Inhaltszusammenfassung:
Die Erkennung von Molekülen mittels selektiver Bindung von Enzymen, Antikörpern oder selektiver Chelatoren ist die Grundlage zur Entwicklung von Biosensoren. Systematic Evolution of Ligands by EXponential enrichment (SELEX) ist eine kombinatorisch chemische Methode, welche die Eigenschaft von einzelsträngigen Nukleinsäuren (RNA, ssDNA) nutzt zu stabilen 3-dim. Strukturen zu falten und somit – in Analogie zu Antikörpern (Abs)– eine selektive und hochaffine Bindung von Zielmolekülen ermöglicht. Der Einsatz von Oligonukleotidliganden (Aptamere) als biologisch aktiver Teil von Biosensoren bietet gegenüber Abs eine Reihe potentieller Vorteile. Aptamere können mit hoher Genauigkeit und Reproduzierbarkeit durch automatisierte Prozesse synthetisiert werden und ermöglichen eine relativ einfache, kovalente Bindung von Reportermolekülen und/oder Transducern an definierten Stellen. Immobilisierte Aptamere können recycled werden und gegen jegliche Art von Zielmolekülen gerichtet sein (auch gegen toxische oder nicht immunogene Proteine oder kleine organische Moleküle).
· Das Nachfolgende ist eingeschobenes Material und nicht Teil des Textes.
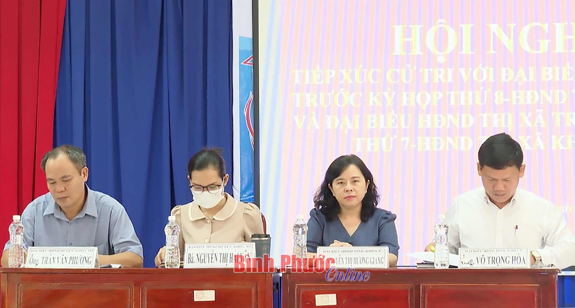 Cử tri cũng có nhiều ý kiến, kiến nghị liên quan đến các vấn đề: Sớm giao giấy chứng nhận quyền sử dụng đất cho người dân ở khu vực tái định cư dự án Khu công nghiệp Becamex - Bình Phước; nâng cấp sửa chữa tuyến ĐH07; đầu tư thêm và vận hành đèn cao áp ở ngã ba mũi dùi (khu vực giao nhau giữa đường Hồ Chí Minh với tuyến ĐT751) để hạn chế tai nạn giao thông; đẩy nhanh tiến độ làm kênh thoát nước giáp ranh với dự án Khu công nghiệp Becamex - Bình Phước; có chế độ phụ cấp cho tổ an ninh nhân dân khu dân cư…

Als Modellsystem haben wir eine auf Fluoreszenzdetektion basierende Selektionsmethode von endothelzellbindenden ssDNA-Aptameren entwickelt und zeigen daß fluoreszenzkonjugierte Aptamere in Analogie zu Antikörpern als diagnostische Werkzeuge zur Targetidentifizierung genutzt werden können, somit ideale Voraussetzungen bieten als biologisch aktiver Teil in Mikrobiosensoren Verwendung zu finden.
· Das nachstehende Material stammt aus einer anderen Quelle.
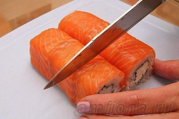 Перенесите ролл на разделочную доску и острым ножом, смоченным водой, разрежьте его пополам.Затем каждую половину — на три или четыре кусочка.

Der Einsatz von fluoreszenzkonjugierten DNA-Aptameren zeigte, daß diese neuartigen Sonden ohne Einbuße ihrer Bindungseigenschaften an Reportereinheiten gekoppelt bzw. auf Oberflächen immobilisiert werden können. DNA-Aptamer-Sonden – gekoppelt an einen Transducer –bergen somit ein enormes Potential als sensible und flexible biologisch aktive Komponente in Biosensoren zur Detektion jeglicher Art von Zielmolekül (Proteine - auch toxisch oder nicht immunogen, Peptide oder kleine organische Moleküle) Verwendung zu finden.